▶ **What is expected**
Exactly reproduce the lines from the one holding "Omschrijving Een krachtig" through the end of the records, including both boundary lines but no pictures.

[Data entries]
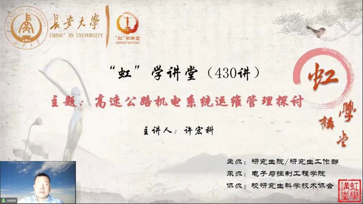 3月9日晚,由研究生院/研究生工作部主办、必赢76net线路唯一官方网站承办、校研究生科学技术协会协办的“虹”学讲堂第430讲以线上讲座形式顺利举办。必赢76net线路唯一官方网站许宏科教授作了题为“高速公路机电系统运维管理探讨”的报告,相关学院近300名师生参加讲座。
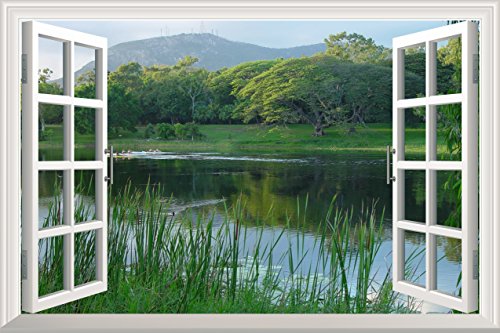 -. Binding : Kitchen -. Brand : wall26 -. ProductGroup : Home -. ProductTypeName : HOME -. Title : Peaceful Lake with Green Mountain and Trees Open Window Mural Wall Sticker -
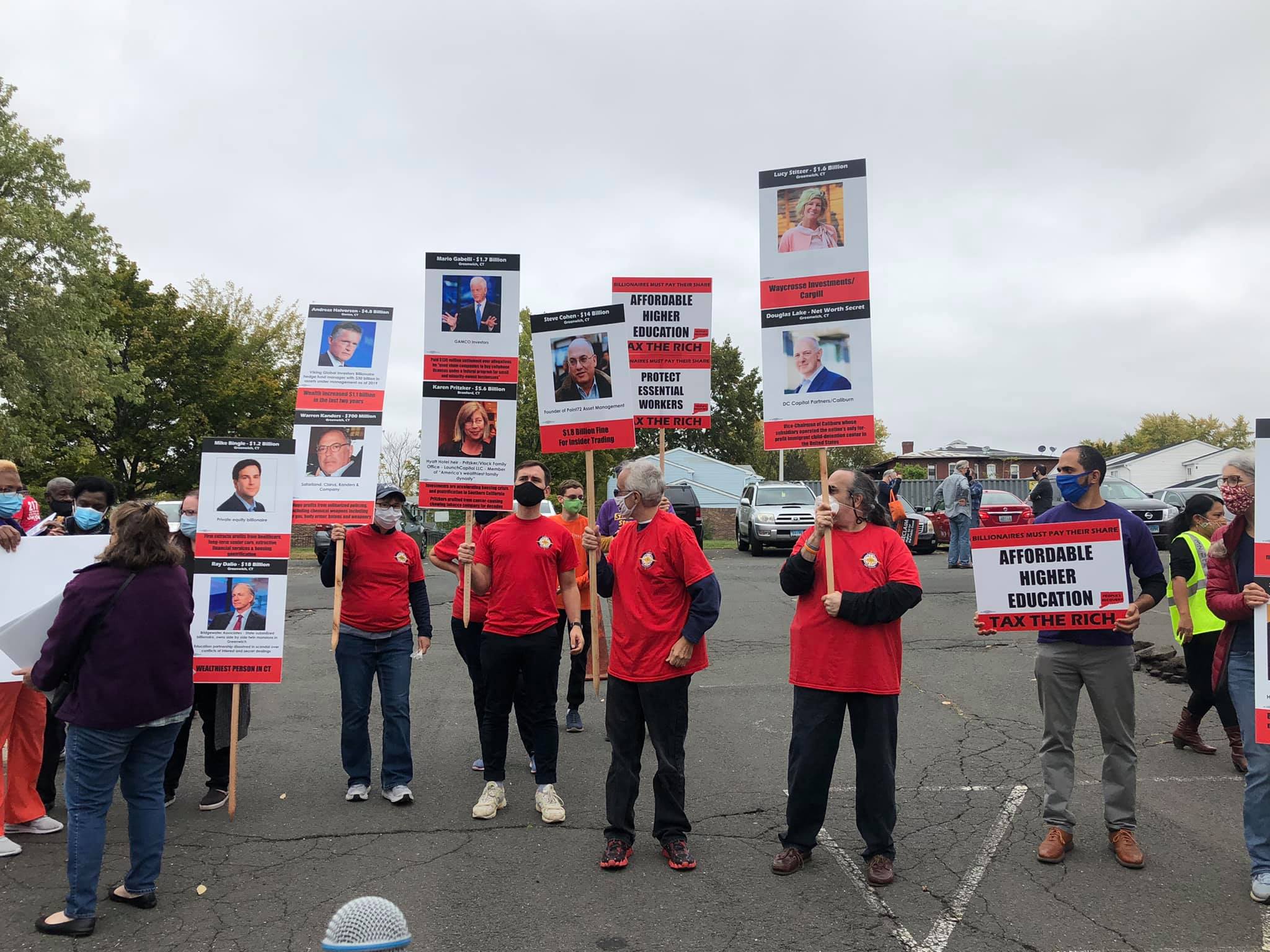 You can read more about the October 20 action in the Hartford Courant. The Connecticut People’s Coalition includes SEIU State Council, SEIU 1199, CT Citizen Action Group, Connecticut State Employees Association (CSEA), the Congress of CT Community Colleges (4Cs), Connecticut Employees Union Independent (CEUI), Connecticut State University American Association of University Professors (CSU-AAUP), Naugatuck Valley Project, UAW Region 9A, SEIU 32BJ, New Britain Racial Justice Coalition, CT Working Families and others.
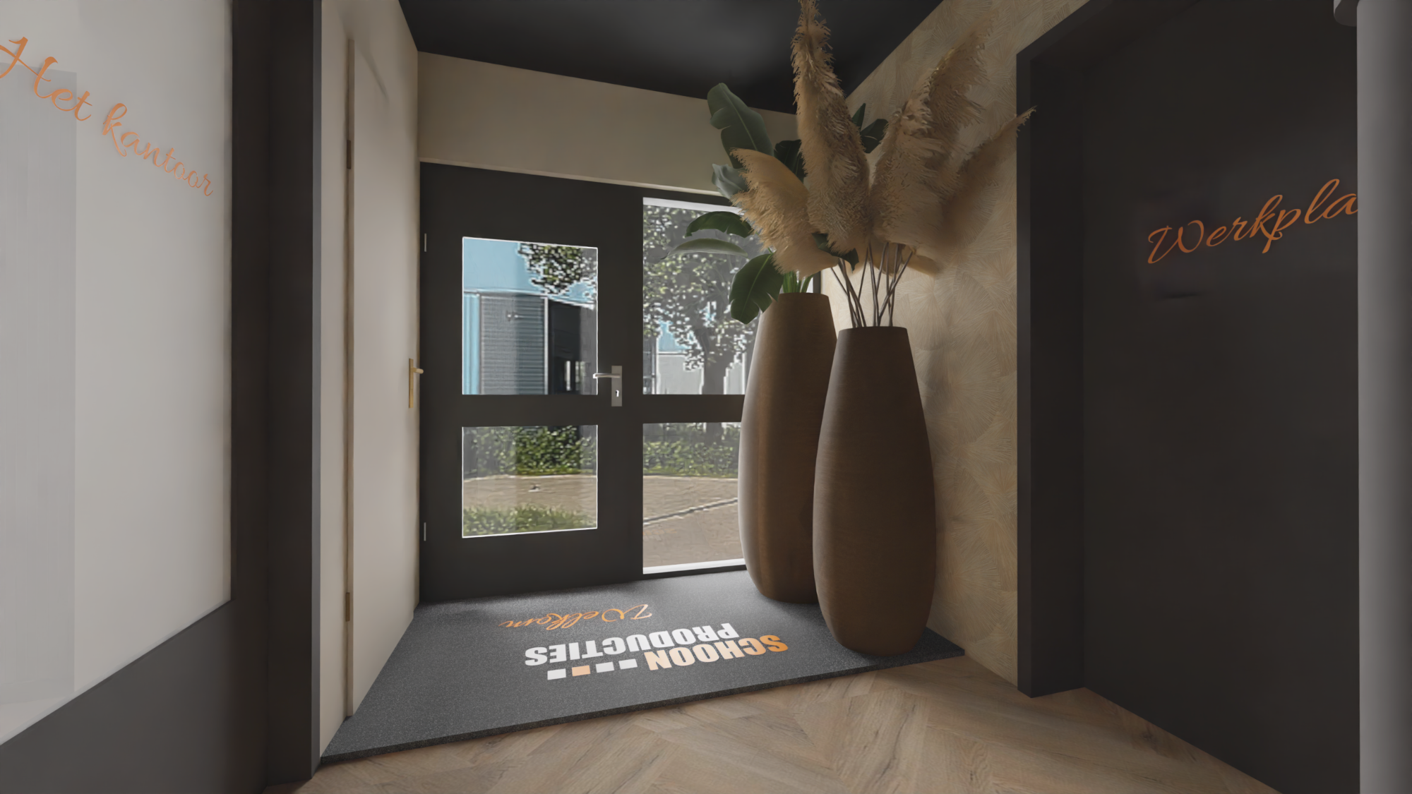 Omschrijving Een krachtig totaalconcept voor de nieuwe werkomgeving van SchoonProducties, volledig afgestemd op hun identiteit als videoproductiebedrijf.
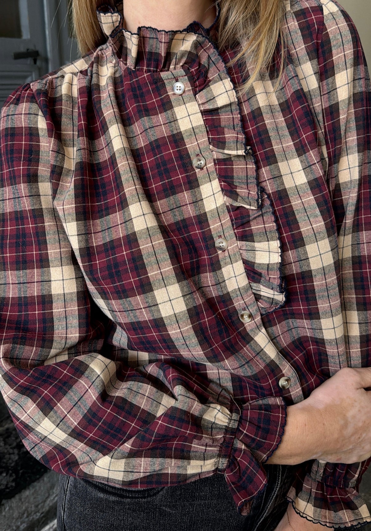 Chemise tartan bordeaux, beige et bleu marine. Volants au niveau du col, de la boutonnière et des manches.
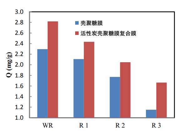 圖3:殼聚糖膜和活性炭殼聚糖復(fù)合膜的再生效率。

▶ **Answer to this exercise**
 Omschrijving Een krachtig totaalconcept voor de nieuwe werkomgeving van SchoonProducties, volledig afgestemd op hun identiteit als videoproductiebedrijf.
 Chemise tartan bordeaux, beige et bleu marine. Volants au niveau du col, de la boutonnière et des manches.
 圖3:殼聚糖膜和活性炭殼聚糖復(fù)合膜的再生效率。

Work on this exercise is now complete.